As news that Al Qaeda leader Osama bin Laden had been killed by American forces broke late Sunday night, congressional leaders were quick to note the historic occassion.

"The man with the blood of more than 3,000 Americans on his hands, the man who forced us to begin to think the unthinkable - is now dead," said House Majority Leader Eric Cantor , in a statement released only moments after President Obama addressed the nation.

Senate Majority Leader Harry Reid called it the "most significant victory in our fight against al Qaeda and terrorism," but added that the "fight is not over." Added New York Democratic Sen. Chuck Schumer : "Because Bin Laden's evil dogma has poisoned the minds of so many others, we cannot let up in the war on terror. This successful mission sends a definitive message to those who would test the resolve of the people of the United States of America: do not doubt our resolve; if you do us harm, we will find you, we will mete out justice, and we will prevail."

Democratic and Republicanleaders were equally congratulatory to President Obama for the successful mission -- although many Republicans also included words of thanks to former President George W. Bush. "I commend the President and his team, as well as our men and women in uniform and our intelligence professionals, for this superb achievement," said Sen. John McCain , an Arizona Republican and Obama's opponent in the 2008 presidential election. "In 2001, President Bush said 'we will not tire, we will not falter, and we will not fail,'" said Peter King , a Republican Congressman from Long Island, New York. "President Bush deserves great credit for putting action behind those words. President Obama deserves equal credit for his resolve in this long war against al-Qaeda." Senate Minority Leader Mitch McConnell thanked military, intelligence, and law enforcement officials, but didn't mention Obama or Bush. "This is a great victory in the war on terror and for all who have worked so tirelessly over the years to thwart the monstrous designs of this madman and his disciples," the Kentucky Republican said.

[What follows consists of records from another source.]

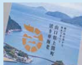
上関の風土が伝わる専用箱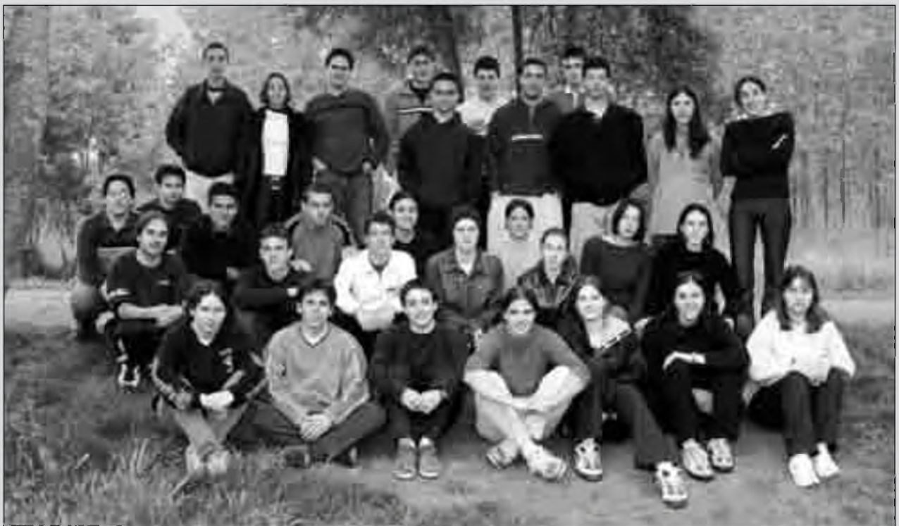
Alumnes de 2n de batxillerat de l'IES de Vidreres.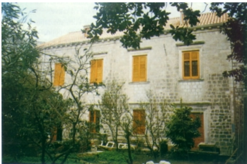
Obnovljena kuća u Konomolcu u Rijeci dubrovačkoj

Najjužniji dijelovi Hrvatske, koji se protežu od Pelješca do Prevlake, slobodno se mogu svrstati u najteže stradala područja u proteklom desetljeću, inače neobično "darežljivom" svakojakim nedaćama. Najprije je došao rat koji je većem dijelu tog područja donio privremenu okupaciju. U ratu su paljene i devastirane mnoge zgrade, posebno po konavoskim selima i naseljima Dubrovačkog primorja, a u ratnim su operacijama stradale brojne kuće te vrijedni i stari krovovi u Dubrovniku, Župi dubrovačkoj, Rijeci dubrovačkoj i na području Stona. Nedugo pošto je Hrvatska vojska uspješno oslobodila ove krajeve i pošto je uspješno tekla obnova, sjeverozapadne je dijelove ovog područja 5. rujna 1996. godine pogodio katastrofalni potres, koji je dodatno oštetio ratom stradale obnovljene i neobnovljene zgrade. No ni to još nije bilo sve jer je 1998. u požarima izgorjelo mnogo kuća u području Orebića. Taj dio Pelješca nije doduše izravno stradao u ratnim zbivanjima ili u potresu, ali je u svojim hotelima zbrinjavao prognanike i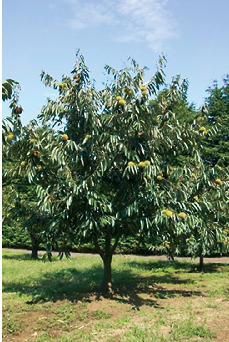
Fig. 2. Tree form of 'Mikuri' (tree age:12).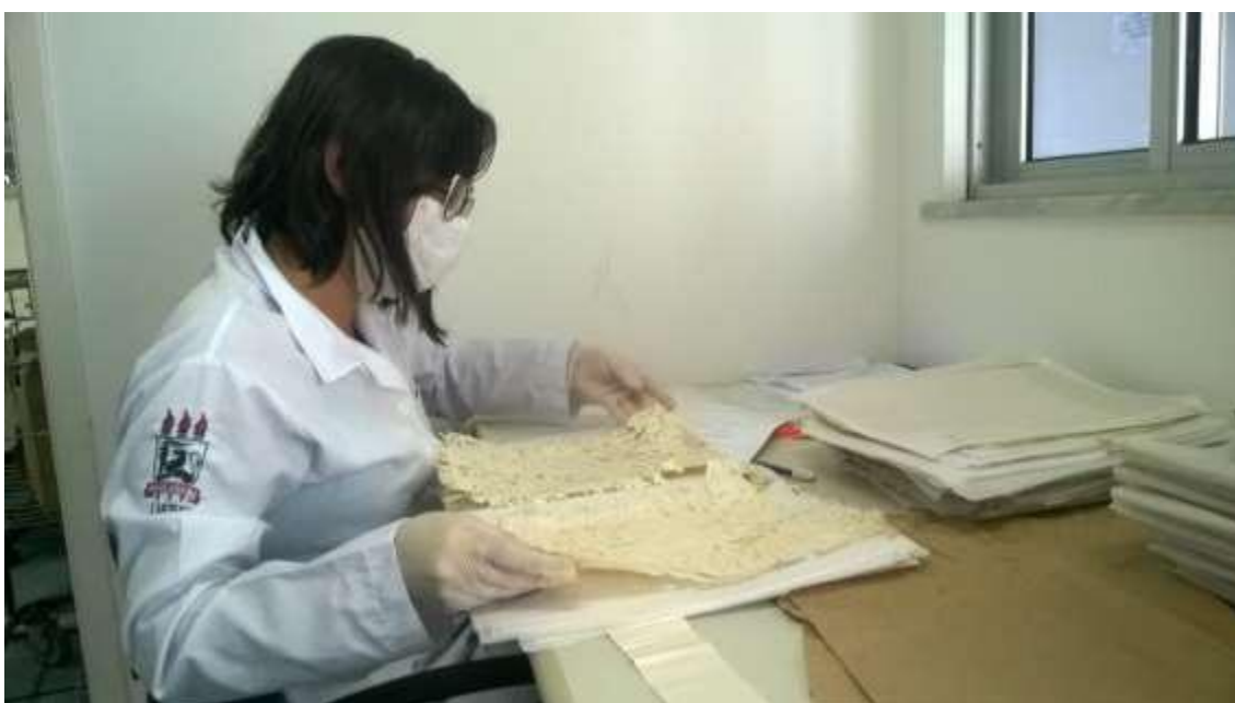
Figura 3: Estado da documentação.

Os procedimentos de coleta e análise das informações dos inventários seguiram os postulados da chamada História Quantitativa ou Serial: a produção de um banco de dados cobrindo determinada série temporal, as duas primeiras décadas do século XIX, e o uso de técnicas estatísticas para trata-los e tabulá-los, nesse caso o programa Statistical Package for the Social Sciences (SPSS). Foram confeccionadas tabelas com a distribuição da riqueza inventariada por decís (Tabela 1), com a composição dos patrimônios inventariados segundo as categorias de bens (Tabela 2), com a repartição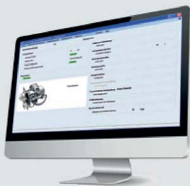
Colocação em serviço fácil e intuitiva com o software TROX Easyconnect

Uma vasta gama de opções faz do EASYLAB um sistema flexível tanto em termos técnicos como em custos.

Lawmakers also noted how the event would be recognized around the world. "They myth of Bin Laden has been punctured," said Michigan Democratic Sen. Carl Levin . "We are a nation of peace and laws, and people everywhere should understand that our ten-year manhunt was in search of justice not revenge," said Sen. John Kerry , a Massachusetts Democrat. "Terrorists everywhere must never doubt that the United States will hunt them down no matter where they are, no matter how long it takes." Looking forward, lawmakers said they hoped that bin Laden's death would be a turning point in the nation's war on terrorism, which has now stretched nearly a decade since the Sept. 11 attacks.

"It is impossible to predict the future, but I hope the death of Osama bin Laden and the growth of democratic movements in the Muslim world marks a momentous turning point, which leads the region toward peace and prosperity and away from terrorism, death, and destruction," said Vermont Sen. Bernie Sanders, an independent.